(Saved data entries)
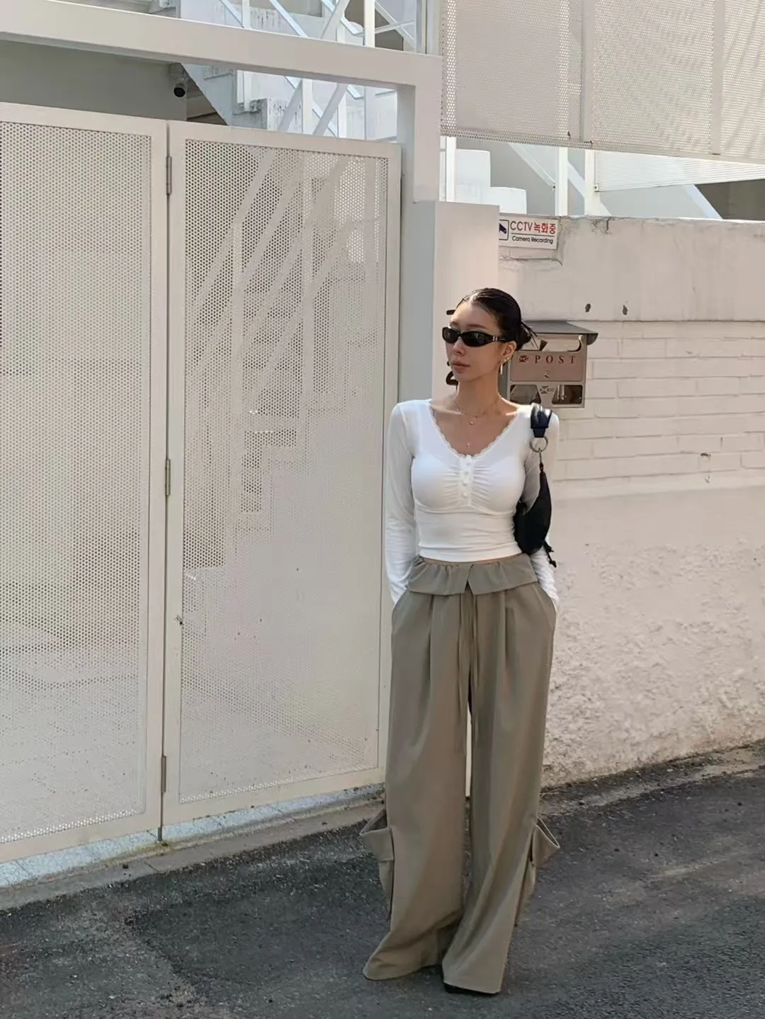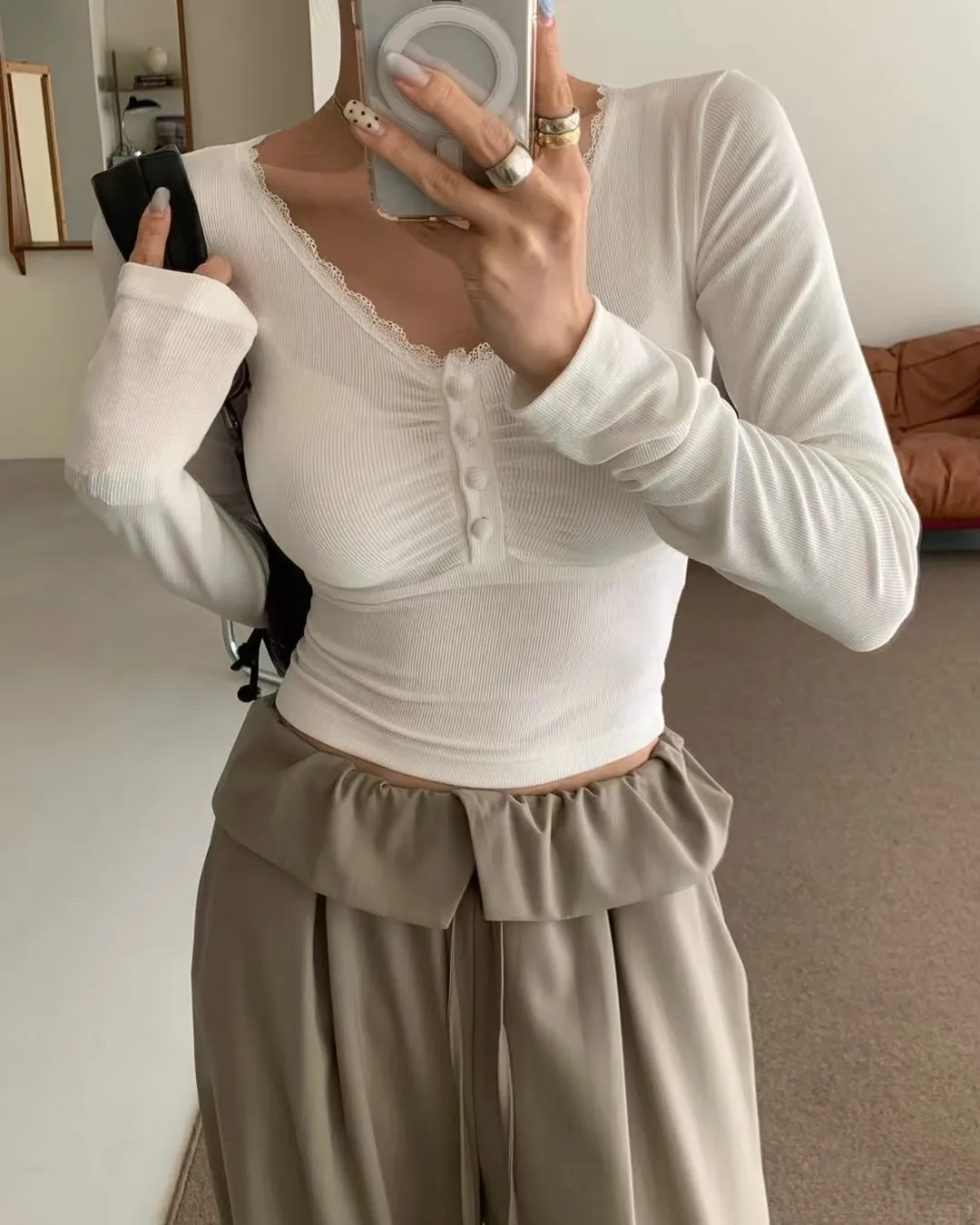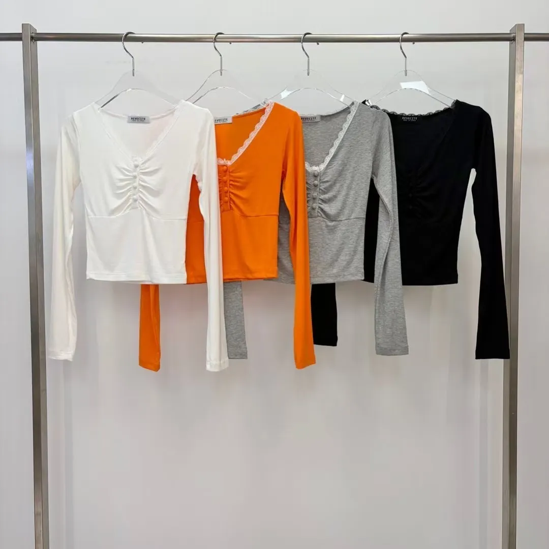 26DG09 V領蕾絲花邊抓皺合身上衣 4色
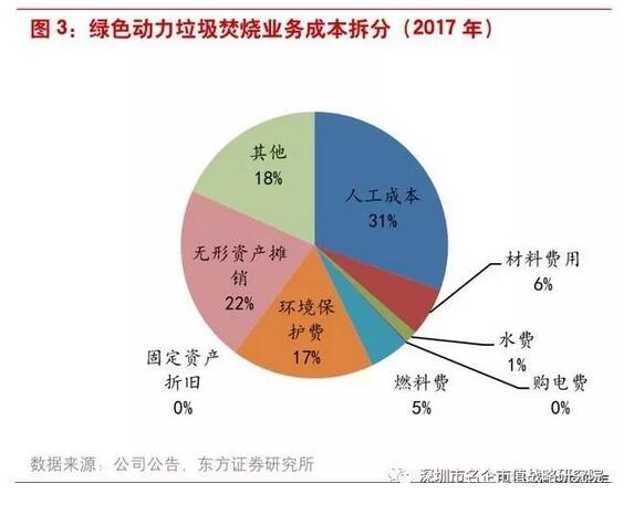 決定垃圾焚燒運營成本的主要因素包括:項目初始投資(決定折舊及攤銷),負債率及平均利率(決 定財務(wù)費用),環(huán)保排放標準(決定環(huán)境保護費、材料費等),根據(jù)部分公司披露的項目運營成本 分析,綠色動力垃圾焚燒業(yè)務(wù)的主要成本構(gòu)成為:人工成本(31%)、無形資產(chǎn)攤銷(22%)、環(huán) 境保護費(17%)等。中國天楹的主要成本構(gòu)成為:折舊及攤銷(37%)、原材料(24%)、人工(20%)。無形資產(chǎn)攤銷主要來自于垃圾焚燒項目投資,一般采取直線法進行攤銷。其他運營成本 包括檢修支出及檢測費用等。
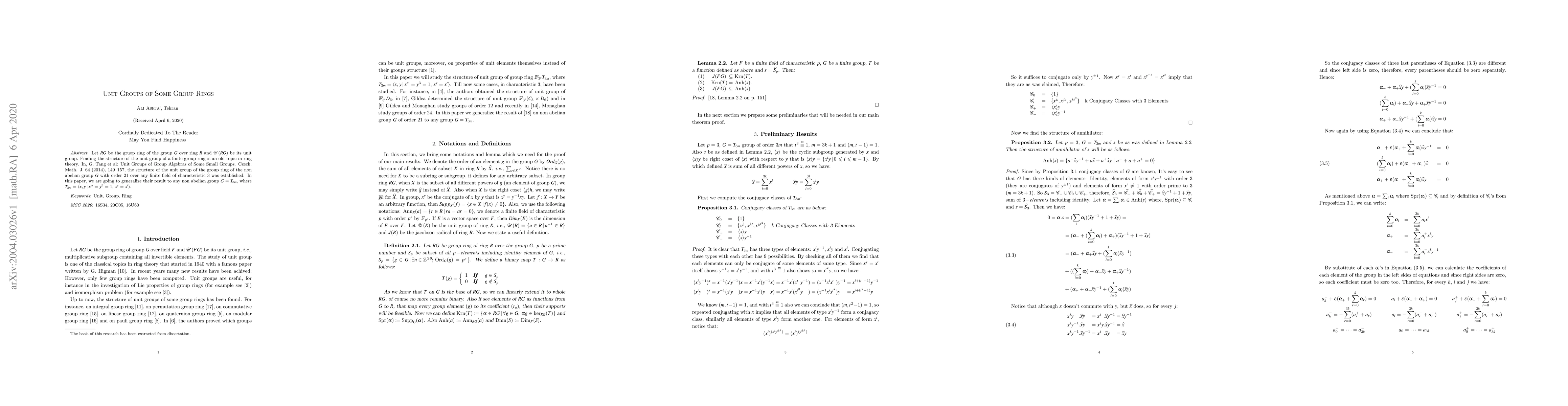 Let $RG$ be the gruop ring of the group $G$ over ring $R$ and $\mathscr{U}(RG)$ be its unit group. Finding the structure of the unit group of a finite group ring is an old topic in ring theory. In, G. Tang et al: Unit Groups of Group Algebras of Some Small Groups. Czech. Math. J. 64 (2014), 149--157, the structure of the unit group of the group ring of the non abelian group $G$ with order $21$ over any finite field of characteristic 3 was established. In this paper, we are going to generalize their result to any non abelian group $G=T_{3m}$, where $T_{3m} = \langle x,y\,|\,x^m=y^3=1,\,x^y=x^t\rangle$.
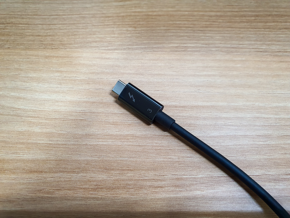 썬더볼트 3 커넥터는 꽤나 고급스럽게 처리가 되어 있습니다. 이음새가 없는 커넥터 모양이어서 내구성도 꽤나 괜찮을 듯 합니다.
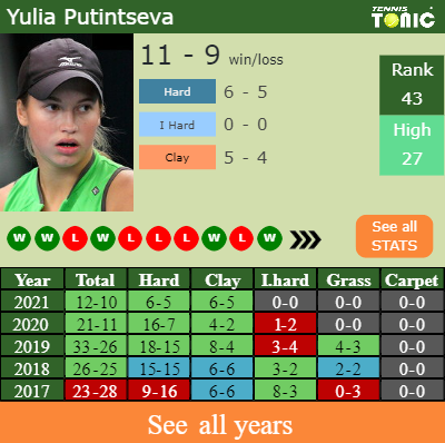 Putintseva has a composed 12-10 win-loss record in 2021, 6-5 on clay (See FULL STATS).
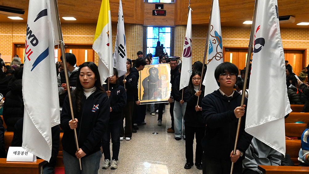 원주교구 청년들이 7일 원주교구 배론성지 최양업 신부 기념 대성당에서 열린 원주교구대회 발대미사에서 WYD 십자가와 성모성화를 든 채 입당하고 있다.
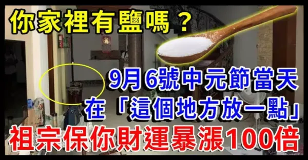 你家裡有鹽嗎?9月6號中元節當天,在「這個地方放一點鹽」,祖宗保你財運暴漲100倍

#### [TASK DESCRIPTION]
Set down the records exactly, without the pictures.

#### [EXPECTED OUTPUT]
 26DG09 V領蕾絲花邊抓皺合身上衣 4色
 決定垃圾焚燒運營成本的主要因素包括:項目初始投資(決定折舊及攤銷),負債率及平均利率(決 定財務(wù)費用),環(huán)保排放標準(決定環(huán)境保護費、材料費等),根據(jù)部分公司披露的項目運營成本 分析,綠色動力垃圾焚燒業(yè)務(wù)的主要成本構(gòu)成為:人工成本(31%)、無形資產(chǎn)攤銷(22%)、環(huán) 境保護費(17%)等。中國天楹的主要成本構(gòu)成為:折舊及攤銷(37%)、原材料(24%)、人工(20%)。無形資產(chǎn)攤銷主要來自于垃圾焚燒項目投資,一般采取直線法進行攤銷。其他運營成本 包括檢修支出及檢測費用等。
 Let $RG$ be the gruop ring of the group $G$ over ring $R$ and $\mathscr{U}(RG)$ be its unit group. Finding the structure of the unit group of a finite group ring is an old topic in ring theory. In, G. Tang et al: Unit Groups of Group Algebras of Some Small Groups. Czech. Math. J. 64 (2014), 149--157, the structure of the unit group of the group ring of the non abelian group $G$ with order $21$ over any finite field of characteristic 3 was established. In this paper, we are going to generalize their result to any non abelian group $G=T_{3m}$, where $T_{3m} = \langle x,y\,|\,x^m=y^3=1,\,x^y=x^t\rangle$.
 썬더볼트 3 커넥터는 꽤나 고급스럽게 처리가 되어 있습니다. 이음새가 없는 커넥터 모양이어서 내구성도 꽤나 괜찮을 듯 합니다.
 Putintseva has a composed 12-10 win-loss record in 2021, 6-5 on clay (See FULL STATS).
 원주교구 청년들이 7일 원주교구 배론성지 최양업 신부 기념 대성당에서 열린 원주교구대회 발대미사에서 WYD 십자가와 성모성화를 든 채 입당하고 있다.
 你家裡有鹽嗎?9月6號中元節當天,在「這個地方放一點鹽」,祖宗保你財運暴漲100倍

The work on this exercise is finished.